Task statement -> Pictures stay out of the copy. Retype exactly the lines below from the one with "węzłem braterskiej miłości" through the one with "Gambar 2. Pembuatan".

Top of Records supplied

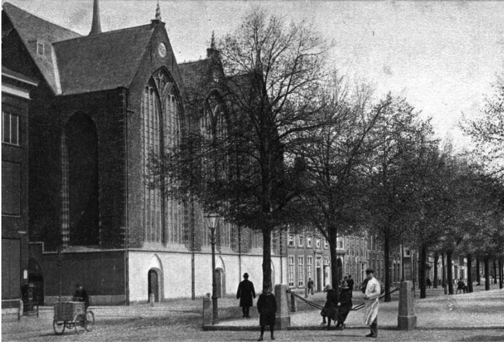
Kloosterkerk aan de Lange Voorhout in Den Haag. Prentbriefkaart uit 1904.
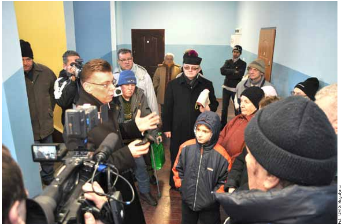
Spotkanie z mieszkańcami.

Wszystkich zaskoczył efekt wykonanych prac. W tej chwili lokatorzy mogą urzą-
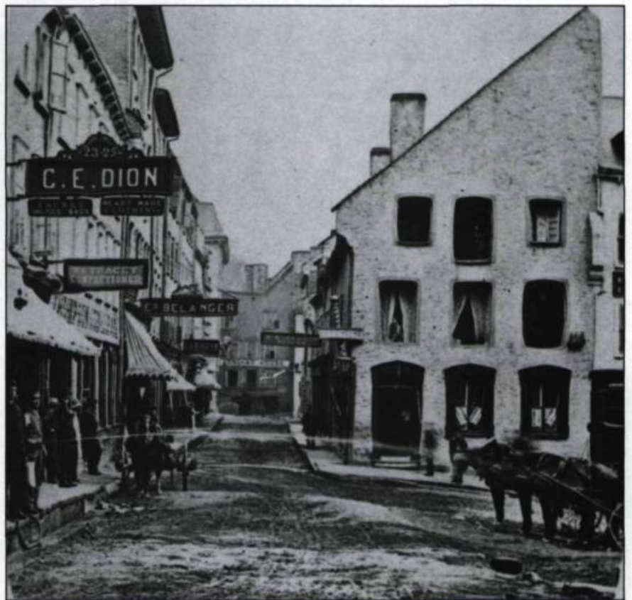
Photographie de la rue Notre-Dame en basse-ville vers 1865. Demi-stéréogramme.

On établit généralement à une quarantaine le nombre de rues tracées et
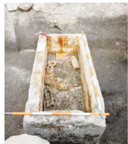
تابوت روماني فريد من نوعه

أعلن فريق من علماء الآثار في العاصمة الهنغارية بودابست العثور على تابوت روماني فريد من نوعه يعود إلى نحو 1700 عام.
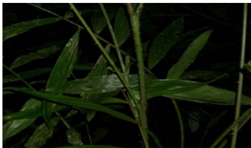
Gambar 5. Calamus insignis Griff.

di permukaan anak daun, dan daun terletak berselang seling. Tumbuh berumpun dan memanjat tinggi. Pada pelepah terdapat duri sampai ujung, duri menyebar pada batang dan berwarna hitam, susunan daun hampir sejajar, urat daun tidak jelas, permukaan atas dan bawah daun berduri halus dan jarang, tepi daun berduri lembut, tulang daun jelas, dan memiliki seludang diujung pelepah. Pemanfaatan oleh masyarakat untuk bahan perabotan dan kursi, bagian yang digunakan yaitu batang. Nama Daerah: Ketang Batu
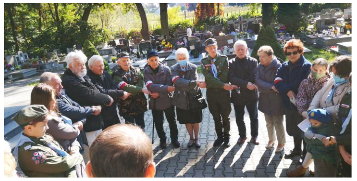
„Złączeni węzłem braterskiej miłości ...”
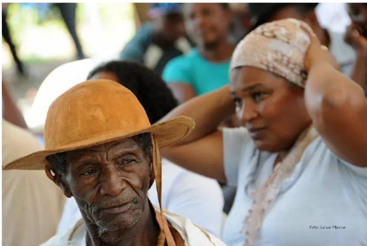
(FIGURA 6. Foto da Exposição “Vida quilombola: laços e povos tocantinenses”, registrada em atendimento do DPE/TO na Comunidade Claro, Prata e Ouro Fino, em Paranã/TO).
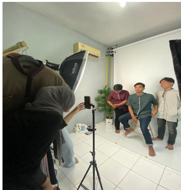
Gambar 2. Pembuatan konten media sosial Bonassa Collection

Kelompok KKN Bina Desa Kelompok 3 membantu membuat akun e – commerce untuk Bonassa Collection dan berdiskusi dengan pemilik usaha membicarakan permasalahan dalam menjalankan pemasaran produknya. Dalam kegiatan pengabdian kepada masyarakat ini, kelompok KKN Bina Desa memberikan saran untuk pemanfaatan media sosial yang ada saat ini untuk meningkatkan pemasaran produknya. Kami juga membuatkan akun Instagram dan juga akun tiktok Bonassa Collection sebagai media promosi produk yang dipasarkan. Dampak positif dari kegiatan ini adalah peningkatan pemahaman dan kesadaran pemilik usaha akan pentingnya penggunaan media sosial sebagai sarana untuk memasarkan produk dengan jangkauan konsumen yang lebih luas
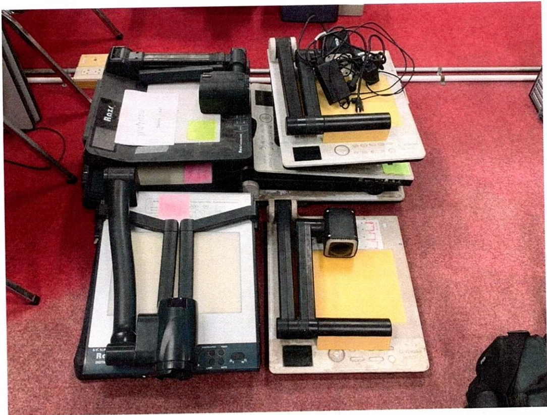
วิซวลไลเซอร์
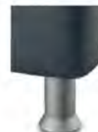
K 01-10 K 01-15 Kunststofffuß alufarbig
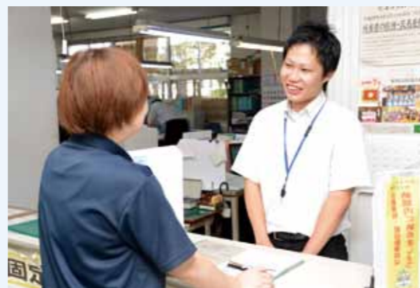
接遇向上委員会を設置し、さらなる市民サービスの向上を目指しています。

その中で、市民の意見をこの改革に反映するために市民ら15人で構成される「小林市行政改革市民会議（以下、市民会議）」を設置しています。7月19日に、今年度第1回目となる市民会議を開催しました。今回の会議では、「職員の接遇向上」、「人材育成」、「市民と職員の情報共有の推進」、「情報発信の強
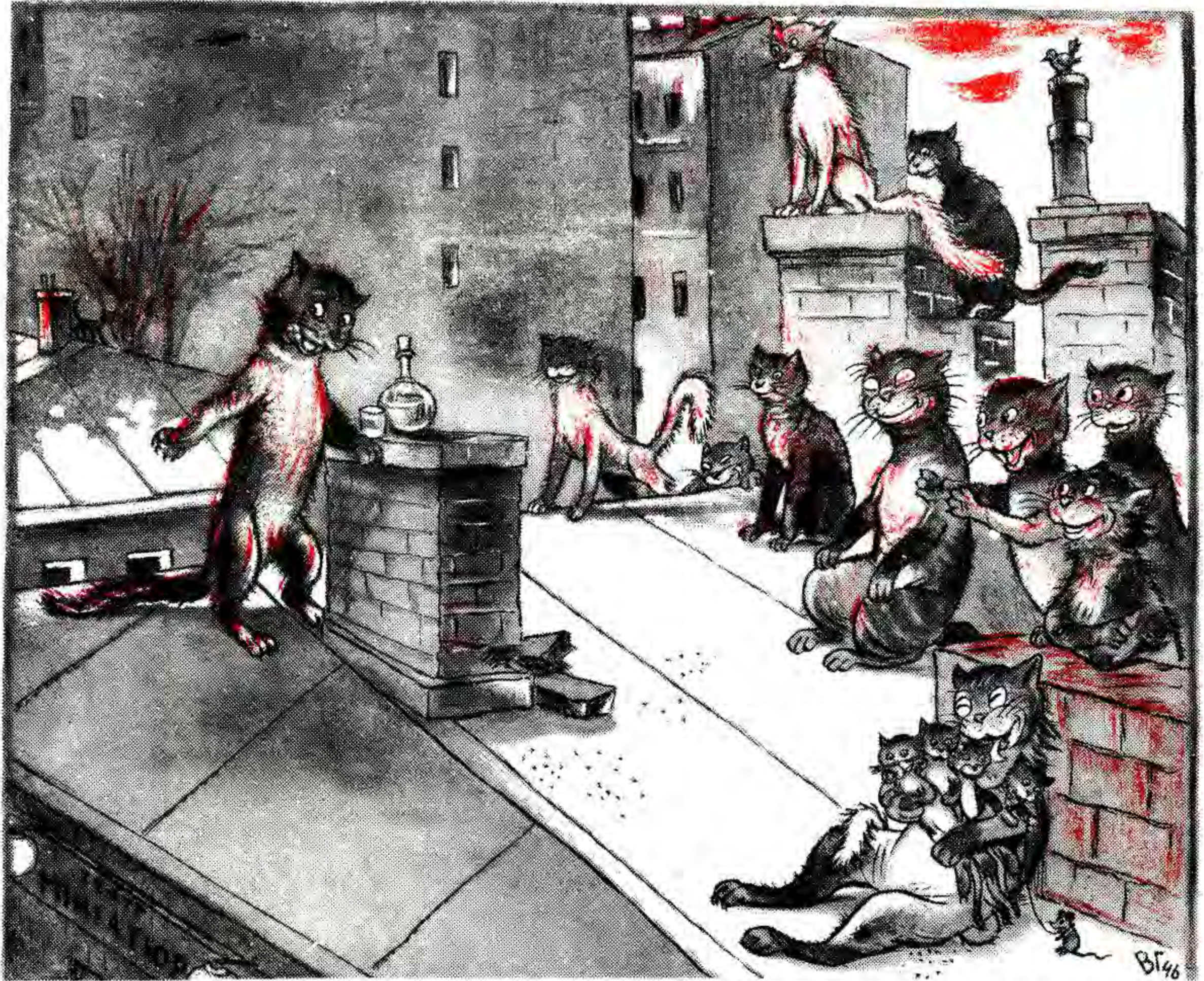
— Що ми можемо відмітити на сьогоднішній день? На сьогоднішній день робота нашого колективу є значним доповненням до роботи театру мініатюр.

Bottom of Records supplied

Answer to this task ->
„Złączeni węzłem braterskiej miłości ...”
(FIGURA 6. Foto da Exposição “Vida quilombola: laços e povos tocantinenses”, registrada em atendimento do DPE/TO na Comunidade Claro, Prata e Ouro Fino, em Paranã/TO).
Gambar 2. Pembuatan konten media sosial Bonassa Collection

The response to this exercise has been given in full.